Reputation: 1435
I have a very large excel file of 1000+ street intersections that I need to find the Longitude and latitudes for and then write that info to file/list for a different program to consume.
What I'm stuck on is on how to build a more efficient script using multithreading/multiprocessing, I have looked through other questions/post but I'm i find it all a bit confusing. The code below takes roughly ~ 10+ mins. Any help would be great.
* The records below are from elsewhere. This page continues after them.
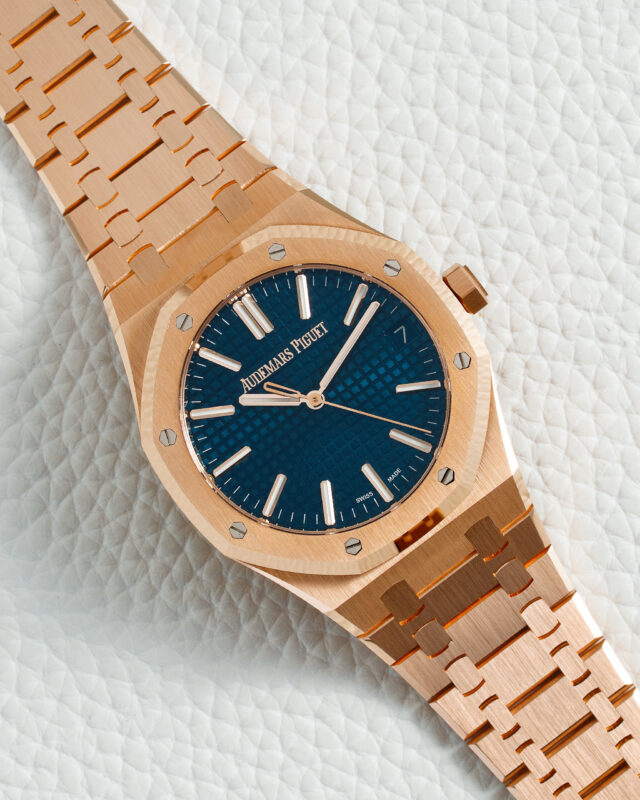 The Audemars Piguet Royal Oak Offshore Chronograph 26470OR.OO.A125CR.01 is a masterful blend of luxury and technical prowess, featuring an 18k rose gold case that exudes sophistication and a striking gray “Méga Tapisserie” dial with its signature textured pattern that creates captivating light reflections. This 42mm timepiece boasts a highly functional chronograph display with three black sub-dials arranged in a distinctive layout: a 30-minute counter at 9 o’clock, 12-hour counter at 6 o’clock, and small seconds at 12 o’clock, complemented by a date window positioned between 2 and 4 o’clock for optimal balance and readability. The watch is secured with a black rubber strap that offers exceptional comfort and sporty elegance, paired with an 18k rose gold AP folding clasp that maintains the timepiece’s luxurious appeal. Powered by the high-performance Caliber 3126/3840 self-winding movement, this chronograph delivers precision timekeeping with its column-wheel mechanism and impressive 50-hour power reserve, visible through the exhibition caseback that showcases the meticulously finished movement. The iconic octagonal bezel, secured by eight polished white gold screws, honors the Royal Oak’s legendary design, while the black ceramic pushpieces and crown guard provide a striking modern contrast. Water-resistant to 100 meters, this Offshore maintains its sporty character while offering uncompromising luxury. The harmonious combination of warm rose gold, cool gray dial, and black rubber strap creates a versatile aesthetic that transitions effortlessly from casual daytime wear to sophisticated evening occasions. A true collector’s piece, this Royal Oak Offshore Chronograph represents Audemars Piguet’s unwavering commitment to pushing boundaries in both technical innovation and aesthetic design, resulting in a timepiece that is as mechanically impressive as it is visually commanding. With its perfect balance of rugged functionality and refined elegance, this watch stands as a testament to AP’s mastery of luxury sports watchmaking and its ability to create instruments that are equally at home in the boardroom or on adventurous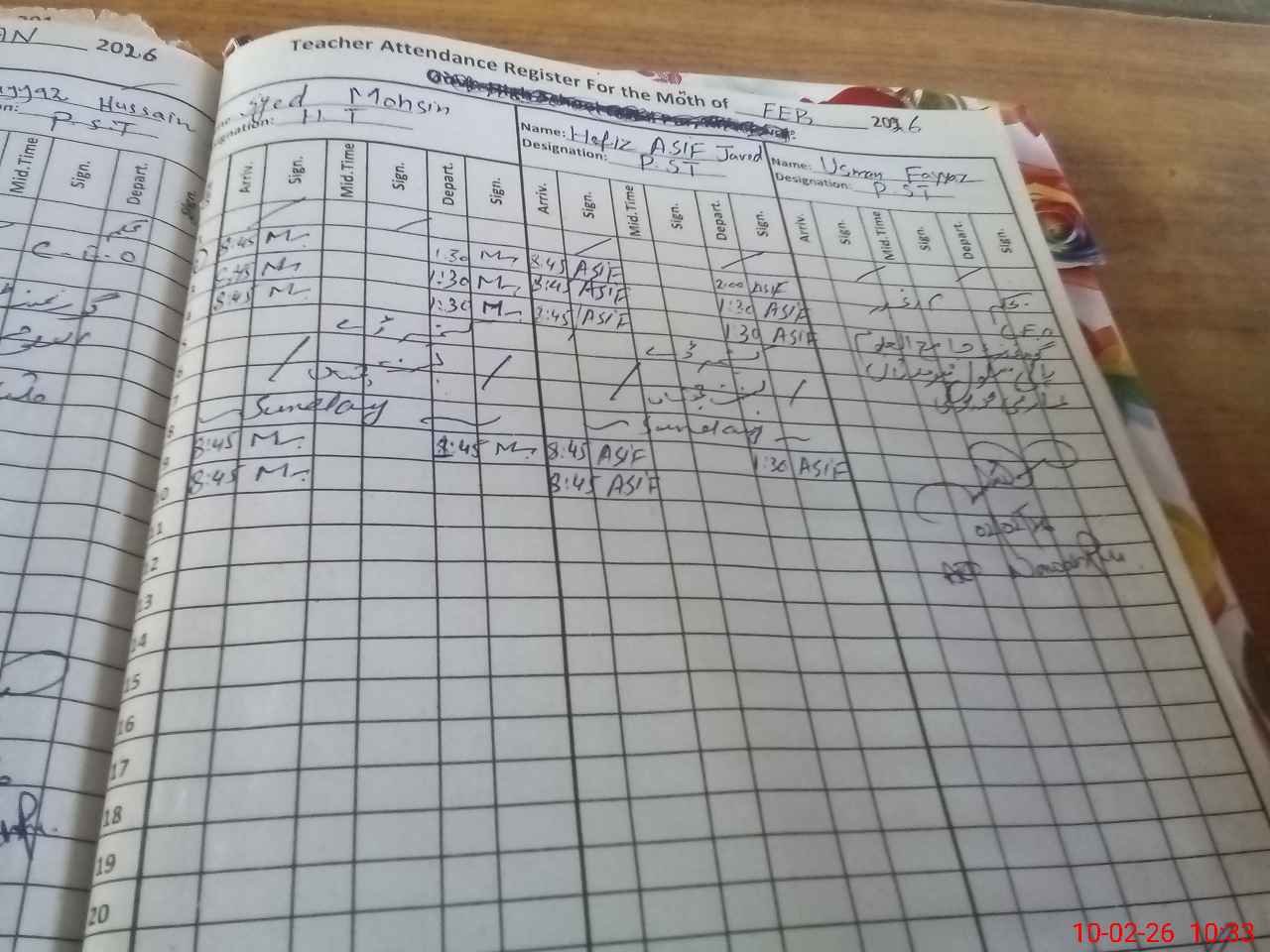 | CNIC | Full Name | Designation | R/C | Absence During Last Calender Month |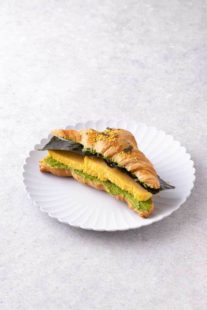 クロワッサンにだし巻き卵と焼き海苔をサンドし、抹茶ホイップバターとの組み合わせが新感覚の美味しさです。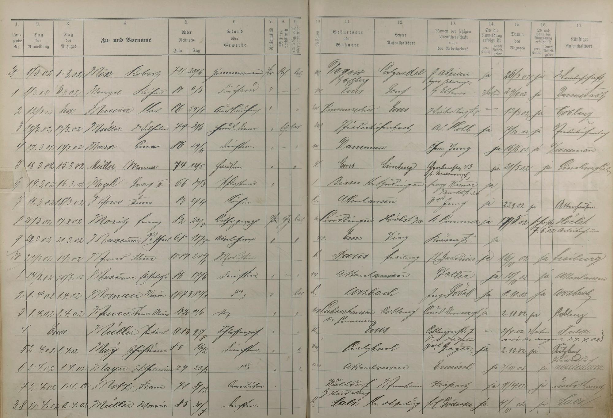 Melderegister der Gewerbegehilfen, Gesellen und Dienstboten 1902 - 1903

from geopy.geocoders import ArcGIS
import pandas
from datetime import datetime
start_time = datetime.now()
def my_LatLong(address):
n = ArcGIS().geocode(address)
if n != None:
return n
else:
return [address,"None"]
df = pandas.read_excel("street_sample.xlsx",sheet_name=0)
count = 0
street_list = df.loc[:,"Description"]
new_list =[]
for i in list(street_list):
location = my_LatLong(f"{i.split('-')[0]}, Vancouver, Canada")
if location != None:
new_list.append([f"{len(street_list)}, {list(location)}"])
print(f"{count}/{len(street_list)} - {i} = Completed\t\t\t\t" ,end='\r')
else:
print(f"{count}/{len(street_list)} - {i} == None value \t\t\t",end='\r')
count += 1
# doing something with new_list
endtime_time = datetime.now()
print (f"Program ran for: {endtime_time -start_time}")
street_sample.xlsx
ID | Description |
---|---|
12501x | 1900 W Georgia - ONAT_STREET: |
12501x | 4th/6th Diversion & 6th Ped - ONAT_STREET: |
12501x | 4th/6th Diversion & 6th Semi - ONAT_STREET: |
12501x | Abbott & Cordova - ONAT_STREET: |
12501x | Abbott & Expo - ONAT_STREET: |
12501x | Abbott & Hastings - ONAT_STREET: |
12501x | Abbott & Keefer - ONAT_STREET: |
12501x | Aberdeen & Kingsway - ONAT_STREET: |
12501x | Alberta & 49th - ONAT_STREET: 70175 |
12501x | Alder & 12th - ONAT_STREET: |
12501x | Alder & 6th - ONAT_STREET: |
12501x | Alder & Broadway - ONAT_STREET: |
12501x | Alexandra & King Edward - ONAT_STREET: |
12501x | Alma & 10th - ONAT_STREET: |
12501x | Alma & 4th - ONAT_STREET: |
12501x | Alma & 6th - ONAT_STREET: |
12501x | Alma & Broadway - ONAT_STREET: |
12501x | Alma & Point Grey Road - ONAT_STREET: |
12501x | Anderson & 2nd / Lamey's Mill - ONAT_STREET: |
12501x | Anderson (Granville) & 4th - ONAT_STREET: |
12501x | Angus & 41st - ONAT_STREET: |
12501x | Angus & Marine - ONAT_STREET: |
12501x | Arbutus & 10th - ONAT_STREET: |
12501x | Arbutus & 11th - ONAT_STREET: |
12501x | Arbutus & 12th - ONAT_STREET: |
12501x | Arbutus & 16th - ONAT_STREET: |
12501x | Arbutus & 20th - ONAT_STREET: |
12501x | Arbutus & 33rd - ONAT_STREET: |
12501x | Arbutus & 4th - ONAT_STREET: |
12501x | Arbutus & 8th - ONAT_STREET: |
12501x | Arbutus & Broadway - ONAT_STREET: |
12501x | Arbutus & Cornwall - ONAT_STREET: |
12501x | Arbutus & King Edward - ONAT_STREET: |
12501x | Arbutus & Lahb - ONAT_STREET: |
Upvotes: 0
Views: 136
Reputation: 50278
The problem does not comes from Pandas but ArcGIS().geocode(address)
which is insanely slow. Indeed, on my machine, this line takes 400 ms/request. Each request send a slow network query to the online ArcGIS API. Using multiprocessing will not help much as you will quickly reach additional limitations (limited rate of API request, saturation of the website). You need to send batch requests. Unfortunately this does not seems supported by the geopy
package. If you are tied to ArcGIS, you need to use their own API. You can find more information about how to do that on the ArcGIS documentation.
Upvotes: 1